Why I love listening to Glenn Beck

I'm a card-carrying liberal who believes in NPR. Why am I so addicted to right-wing radio?

By Orrin Onken
Published March 30, 2011 6:01PM (EDT)
Glenn Beck
Glenn Beck

I am a sushi-eating, Prius-driving, gay-marriage-supporting Oregon liberal. My parents were union schoolteachers, and no one in my family has voted for a Republican in decades. I live in a county that votes 80 percent Democratic, and I like it that way. I have a dirty little secret, though. I like conservative talk radio.

I am 59 years old. I discovered conservative talk radio over four decades ago when I was a high school student in Las Vegas. I started listening under the covers at night with a transistor radio held to my ear. Today, a lot of college and a couple of careers later, I use two presets on my car radio. One is NPR. The other is my local right-wing talk station. When NPR starts a beg for money, I switch to the wingnuts. When the wingnuts start hawking gold coins or herbal impotence cures, I switch back to NPR. In the 40 years I have been listening, conservative talk radio hasn't changed much or gotten better, and for 40 years I have been unable to kick the habit.

Part of it has to be that I like the call-in format.
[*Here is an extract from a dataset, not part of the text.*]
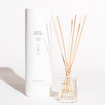 Perfume any room with an ultra-chic reed diffuser for a delightful botanical aroma without the flame. Perfect for your home office, powder room, or any space that needs that extra something something. The custom made glass screenprinted Reed Diffuser bottles are packed in a two-piece textured paper tube.

Like many of my ilk, I put Click and Clack of "Car Talk" at the pinnacle of radio call-in shows. No one touches the brothers. Just below that is Ira Flatow's "Science Friday," and then maybe Neal Conan's "Talk of the Nation." But once those three are out of the way, I turn to the sea of undifferentiated conservative talk radio. I don't do Imus. I eschew Howard Stern. Neither sports talk nor religious broadcasting ever pollutes the sanctum that is my car. When NPR fails, it is conservative talk for me.

I can't figure the attraction. I am not secretly sympathetic to the message, and listening to conservative talk doesn't seem to have affected my political beliefs. I'm as left-leaning as I was under those covers in high school. I don't for a moment think call-in radio improves my mind by presenting spirited political debate; today's conservative talkers have fewer actual callers and less dissent than those of years past. I do not see anything admirable in the question-and-answer tactic that the hosts use to beat down dissenting views. Yet, when I can't listen to "Science Friday" or "Talk of the Nation," I go straight to the wingnuts.
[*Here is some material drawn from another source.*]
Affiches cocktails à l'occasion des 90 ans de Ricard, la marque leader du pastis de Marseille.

When it comes to conservative talk, I am not a picky listener. I find the nearest right-wing talk station on the dial and listen to whomever is on. In the last few years, I have listened to Michael Savage, Dennis Prager, Hugh Hewitt, Michael Medved, Glenn Beck and our local talker here in the Northwest, Lars Larson. When, one day, my regular morning talker was replaced with Latin music -- because of a change of format at the station -- I found the next nearest conservative talk station and listened to whomever was behind the mic. I conclude that my attraction is to the form and not to a given personality.

When people ask why I listen I sometimes say that I am spying on the enemy so I will know better how to oppose them. I have also considered that I like deconstructing the arguments -- engaging in an internal political debate with the radio. Maybe I simply like seeing the never-ending parade of folly that is mankind. It could be any of those things or a combination of all of them.

I have never seen Glenn Beck's show on television, but I listen to him on the radio. (Like many people, the only place I listen to radio at all is in my car. My daily drive time is about half an hour.) When he's not going on about himself or people who have besmirched him -- which is a lot of the time -- I like Glenn Beck. His mixing of morning-zoo high jinks with conspiracy-laden apocalyptic politics tickles me. He reminds me of Jonathan Winters.

I have noticed one thing about conservative talkers. Glenn Beck and our local man, Lars Larson, have been in the radio business since they were young men. Neither is educated in anything other than broadcasting. Their lack of formal education often shows, but their entertainment skills and their ability to respond spontaneously to almost any situation make up for it. Like Oprah, the successful right-wing talkers seem to have been born for entertainment. I don't listen to radio in my car to educate myself; I listen to ease the drudgery of driving. Perhaps I don't care what's being said as long as it's on a subject I know something about, and presented in an interesting manner.

I wonder if Air America didn't fail because it depended too much on policy wonks and true believers. The right-wing talkers understand that there is a time-tested call-in format made up of on-air talent, inflammatory politics and careful call screening. The successful stations don't mess with it. They put their best talent behind the microphone, follow the format and sell special-edition gold coins like there is no tomorrow.

If I'm right about this, my addiction doesn't really have all that much to do with politics. I like politics, of course, but mostly I like hearing people talk. If I can't have the humorous humanity of Click and Clack, or the calm insight of Neal Conan, I go for people who are indignant, outraged, xenophobic and controlled by invisible forces. There is a never-ending supply of these folks on conservative talk radio, and even though their politics are not my own, I can't get over wanting to hear what they have to say.